====== Data to examine ======

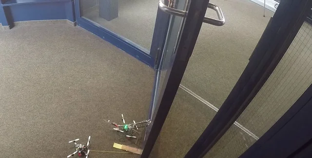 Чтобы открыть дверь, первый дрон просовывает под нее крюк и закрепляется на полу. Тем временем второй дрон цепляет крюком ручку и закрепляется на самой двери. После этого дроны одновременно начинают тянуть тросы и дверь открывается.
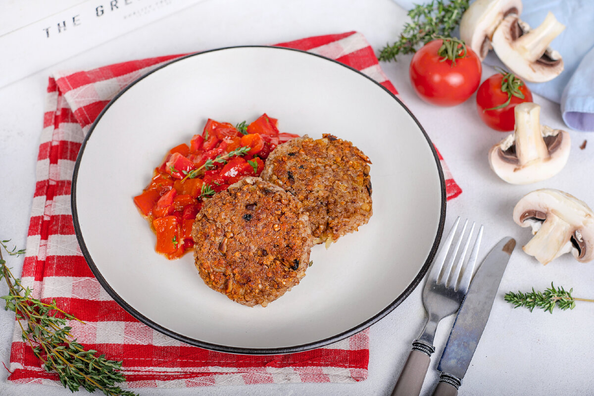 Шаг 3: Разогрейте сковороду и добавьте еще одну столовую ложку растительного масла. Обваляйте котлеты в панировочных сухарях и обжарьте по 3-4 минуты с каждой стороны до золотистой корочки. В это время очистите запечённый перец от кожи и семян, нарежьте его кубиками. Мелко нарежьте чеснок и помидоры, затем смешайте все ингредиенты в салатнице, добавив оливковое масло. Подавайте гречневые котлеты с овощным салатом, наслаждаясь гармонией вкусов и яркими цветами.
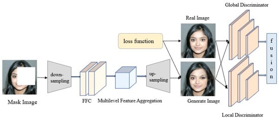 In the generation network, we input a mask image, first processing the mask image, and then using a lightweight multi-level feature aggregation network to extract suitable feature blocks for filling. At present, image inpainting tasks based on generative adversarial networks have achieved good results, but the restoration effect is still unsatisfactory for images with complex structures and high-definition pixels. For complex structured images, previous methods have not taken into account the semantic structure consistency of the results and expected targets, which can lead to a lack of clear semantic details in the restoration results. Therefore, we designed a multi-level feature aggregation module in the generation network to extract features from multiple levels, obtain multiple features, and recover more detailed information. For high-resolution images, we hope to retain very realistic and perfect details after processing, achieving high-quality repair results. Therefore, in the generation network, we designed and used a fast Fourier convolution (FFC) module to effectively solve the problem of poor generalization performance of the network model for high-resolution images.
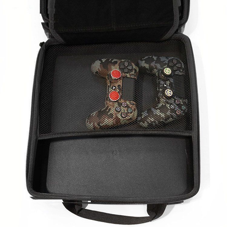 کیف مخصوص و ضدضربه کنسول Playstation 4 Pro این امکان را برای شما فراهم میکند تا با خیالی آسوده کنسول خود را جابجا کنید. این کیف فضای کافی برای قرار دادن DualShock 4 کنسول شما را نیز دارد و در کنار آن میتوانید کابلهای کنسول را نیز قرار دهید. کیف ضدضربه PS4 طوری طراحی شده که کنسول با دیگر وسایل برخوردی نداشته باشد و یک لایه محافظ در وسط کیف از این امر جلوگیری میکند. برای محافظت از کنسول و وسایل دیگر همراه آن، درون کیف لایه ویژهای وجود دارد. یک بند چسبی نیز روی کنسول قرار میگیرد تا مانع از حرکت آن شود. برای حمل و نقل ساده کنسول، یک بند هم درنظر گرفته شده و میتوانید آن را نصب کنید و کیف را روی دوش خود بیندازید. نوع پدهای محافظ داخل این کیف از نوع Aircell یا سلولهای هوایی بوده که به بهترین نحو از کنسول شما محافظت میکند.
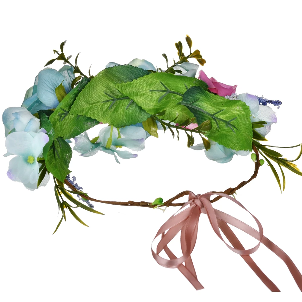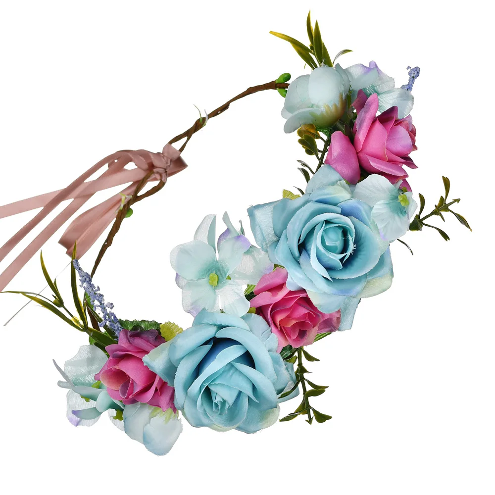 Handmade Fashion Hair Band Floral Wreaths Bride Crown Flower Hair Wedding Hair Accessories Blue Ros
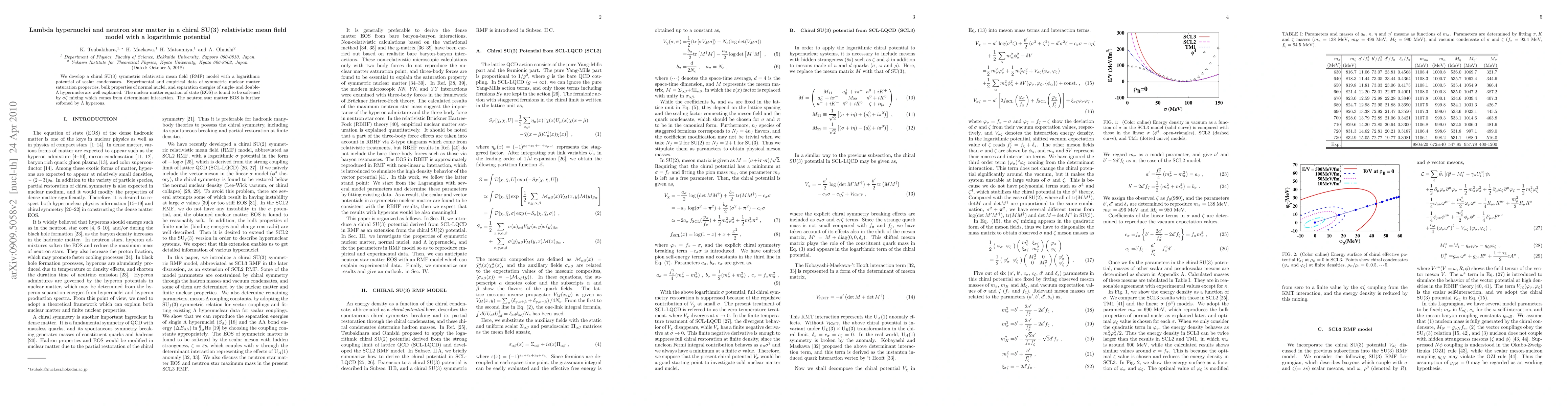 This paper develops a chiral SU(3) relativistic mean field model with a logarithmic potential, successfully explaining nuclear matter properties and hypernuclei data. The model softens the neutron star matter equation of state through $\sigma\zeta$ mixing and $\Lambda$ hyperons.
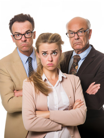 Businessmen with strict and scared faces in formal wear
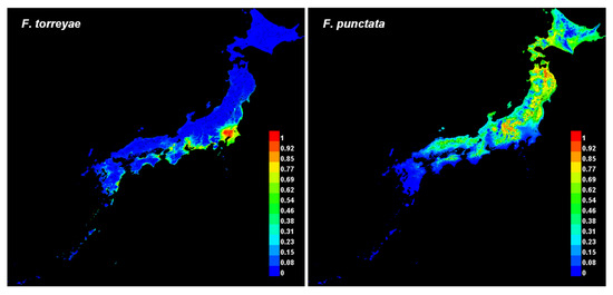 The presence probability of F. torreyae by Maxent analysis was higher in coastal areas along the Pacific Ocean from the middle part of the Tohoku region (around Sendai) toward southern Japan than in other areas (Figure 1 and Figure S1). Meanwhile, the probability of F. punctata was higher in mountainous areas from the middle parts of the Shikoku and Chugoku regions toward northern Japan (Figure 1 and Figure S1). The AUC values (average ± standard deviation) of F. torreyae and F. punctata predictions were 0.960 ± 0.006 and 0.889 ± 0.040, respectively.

======

Work task -> Only one thing is required here: an exact copy of the lines from the one bearing "Businessmen with strict" through the final line above, both included, with pictures left out.

Response box ->
 Businessmen with strict and scared faces in formal wear
 The presence probability of F. torreyae by Maxent analysis was higher in coastal areas along the Pacific Ocean from the middle part of the Tohoku region (around Sendai) toward southern Japan than in other areas (Figure 1 and Figure S1). Meanwhile, the probability of F. punctata was higher in mountainous areas from the middle parts of the Shikoku and Chugoku regions toward northern Japan (Figure 1 and Figure S1). The AUC values (average ± standard deviation) of F. torreyae and F. punctata predictions were 0.960 ± 0.006 and 0.889 ± 0.040, respectively.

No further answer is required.